In the Zeitgeist, Fact-Checking

Essay_factcheck_iontrap1-383x287Via Zite, there are two pieces on fact-checking this week. Atossa Araxia Abrahamian in The New Inquiry:

Brides magazine has a fact-checker. She does things like verify the cost of honeymoons and makes sure that Vera Wang did, in fact, design that dress, and compares the captions on winter flower bouquet slideshows with pictures in botany reference books. It would be terrible to mistake a eucalyptus pod for a mere pussy willow.

Many American magazines, from trashy celebrity weeklies to highbrow general-interest journals, have fact-checkers of some sort. I worked as one in 2008, when, with three other Harper’s interns, I fact-checked the magazine’s Index from beginning to end. Being the primary speaker of foreign languages in the intern cubicle, I ended up doing a lot of the international checking for the magazine. Percentage of Russians who say one goal of U.S. foreign policy is “the complete destruction of Russia”: 43. Number of Iraqi stray dogs that Operation Baghdad Pups has helped emigrate to the United States since 2003: 66.

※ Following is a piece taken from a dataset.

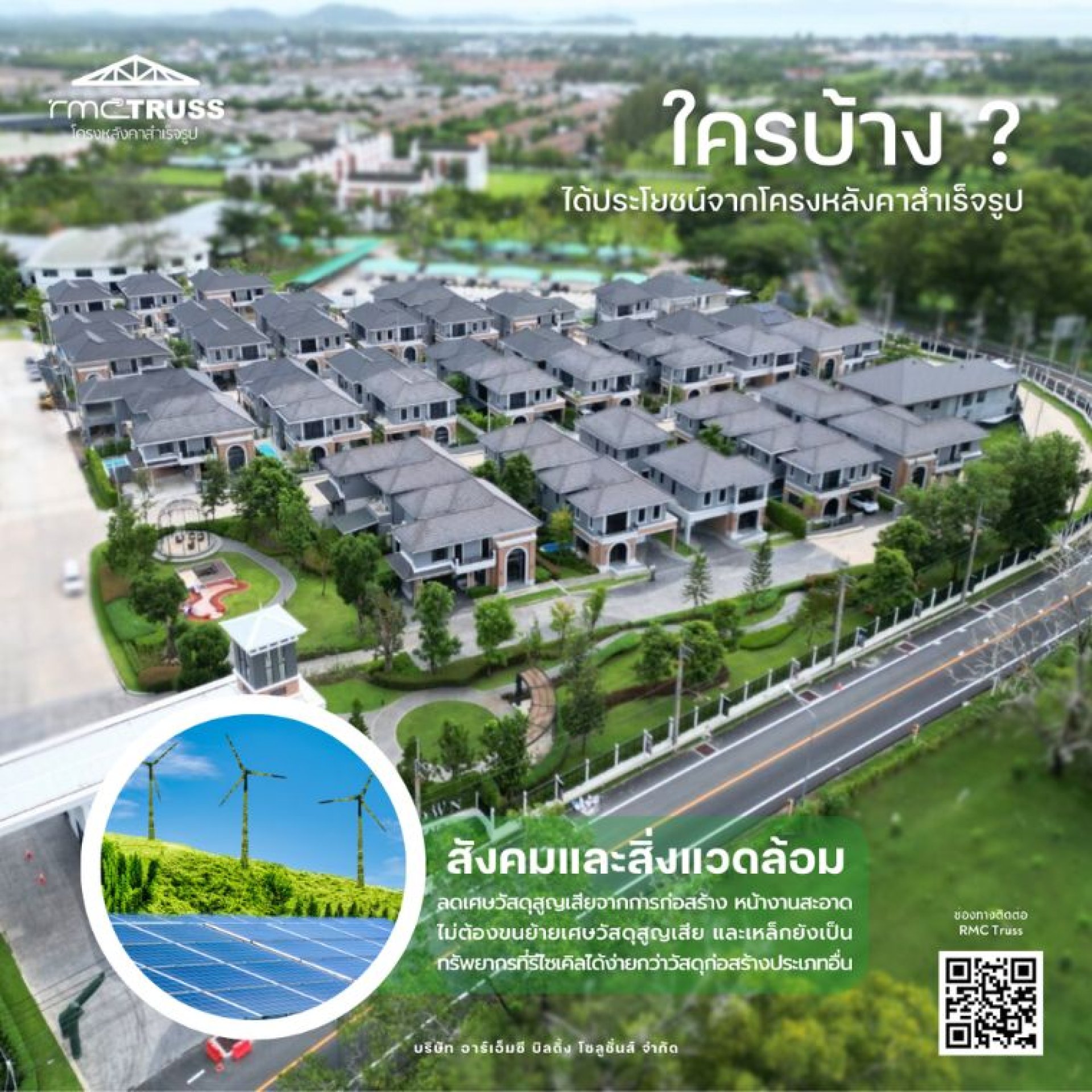 RMCTruss ผู้เชี่ยวชาญด้านโครงหลังคาสำเร็จรูป ที่ได้รับการออกแบบเพื่อป้องกันอันตรายจากสนิม ติดตั้งสะดวก ด้วยเหล็กอลูซิงค์ #AZ150 ตอบโจทย์ ด้านสังคมและสิ่งแวดล้อมของโครงการต่างๆ เนื่องจากโครงหลังคาสำเร็จรูปช่วยลดเศษวัสดุสูญเสียจากการก่อสร้าง หน้างานสะอาด ปราศจากมลพิษจากการตัด หรือ เชื่อมเหล็ก ไม่ต้องขนย้ายเศษวัสดุสูญเสีย และเหล็กยังเป็นทรัพยากรที่รีไซเคิลได้ง่ายกว่าวัสดุก่อสร้างประเภทอื่นอีกด้วย

I quickly learned that fact-checking is a predominantly American phenomenon. The French don’t do much of it, most Russian papers certainly don’t either, and even the Swiss — possibly the most exacting and precise people on the planet — do not make use of fact-checkers in quite the same way as Americans do. Yet their presses keep rolling, and their readers keep reading, and their brides still buy roses, if by another name. People even trust the press in Switzerland much more than they do in the U.S.: 46 percent of Swiss people said they had confidence in their newspapers and magazines in 2010. Among Americans, it was only 25 percent.

Christian Lorentzen also has a piece in the LRB.